A principios de los 70 el Club América inundaba todas las pantallas de la televisión nacional. Estaba presente en las barras noticiosas de deportes de los noticieros de Televisa, empresa dueña del equipo. Muchos niños se encandilaron con el marketing grosero, parecido a un adoctrinamiento. La publicidad buscaba que los que estábamos pegados a la tele siguiéramos a los cremas, como ocurrió luego con centenares de miles que crecieron en los estados como seguidores del equipo de Coapa.
Desde pequeño descubrí el truco de la televisora y por eso aborrecí a su escuadra. Pero, aunque lo repudiaba no podía sustraerme de la maravilla de un jugador con el número 11, pequeño de talla y siete pulmones, llamado Cristóbal Ortega.
Falleció el que, fue, en su tiempo, el motor americanista el pasado 2 de enero y con él se va un segmento importante de la historia del balón mexicano.
Muchos de los chicos de aquel tiempo crecimos familiarizados con la figura del petizo moreno, de pelos enrulados que acarreaba la pelota desde el fondo hasta tres cuartos de cancha para distribuirla con sus compañeros. Tenía como acompañante a otro moreno, fácilmente confundible en forma y estilo, Juan Antonio Luna, que también hacía labor similar, pero las bandas.
Siempre estuvo en el América. Cristóbal era parte del paisaje de los Canarios que en 1981 luego se transformaron, con él a bordo, en las Águilas.
Ahora veo repeticiones en color sepia, distorsionadas por las grabaciones de VHS, reliquias de algunos partidos previos a la era digital, y percibo que el balón botaba más y las superficies de césped eran más irregulares. Vaya, hasta las líneas en algunas canchas estaban trazadas con cal y a mano. Por eso me asombraba la capacidad que tenía Cristóbal para dominar con pericia extrema una pelota de costuras de cáñamo y movimientos bravos.
Chilango de nacimiento, reconocido como el jugador con más actuaciones en un solo club, con 609 cotejos, es objeto de alabanzas y veneración por socios y rivales con los que departió césped. Año tras año por ahí andaba en el once inicial de los aguiluchos, su único equipo profesional como jugador, el inveterado Ortega Martínez, nacido en 1956, que primero empezó como delantero y luego fue colocado como contención por el entrenador Juan Antonio Roca, que lo debutó en 1974.
Fue, hasta su retiro en 1992, el máximo ganador de títulos de los emplumados con 14, junto a su capitán Alfredo Tena.

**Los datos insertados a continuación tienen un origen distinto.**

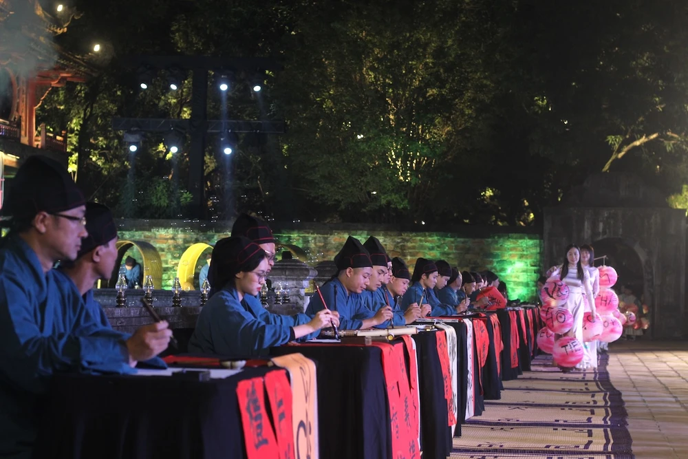 Nghệ thuật trình diễn với hình ảnh ông đồ, học trò của Nhân Mỹ học đường cùng các tiết mục biểu diễn của học sinh, sinh viên và nghệ sĩ. Ảnh: VIẾT THỊNH.

Nunca fue mediático. Daba escasas entrevistas, no se le veía atronador o polémico. Nunca fue escandaloso, por lo que algunos pueden considerar que llevaba una agenda pública aburrida. Hoy, en un tiempo de redes sociales y de concurso de belleza y popularidad en los deportes, un futbolista como él quizás hubiera sido poco rentable, pues no era de los que vendían tantas camisas, como otros de más brillo y exposición como Héctor Miguel Zelada, Daniel Brailovsky, Javier Aguirre. Era reservado en la victoria y estoico en la derrota, a diferencia de montones de profesionales de ahora, dispuestos a hacer de cada incidente del partido una historia para Instagram. Cristo era discreto en sus formas y en su juego. Se notaba por el subibaja interminable en los partidos. No se cansaba nunca.
Más allá de la aborrecible marca del América, lo recordaré como un jugador que le dio clase al balompié mexicano.
Nunca olvidaré aquellos gritos desaforados del gran maestro de la crónica futbolera, Ángel Fernández, que declaraba en las transmisiones: “¡Colón descubrió a América, pero América descubrió a Cristóbal!”.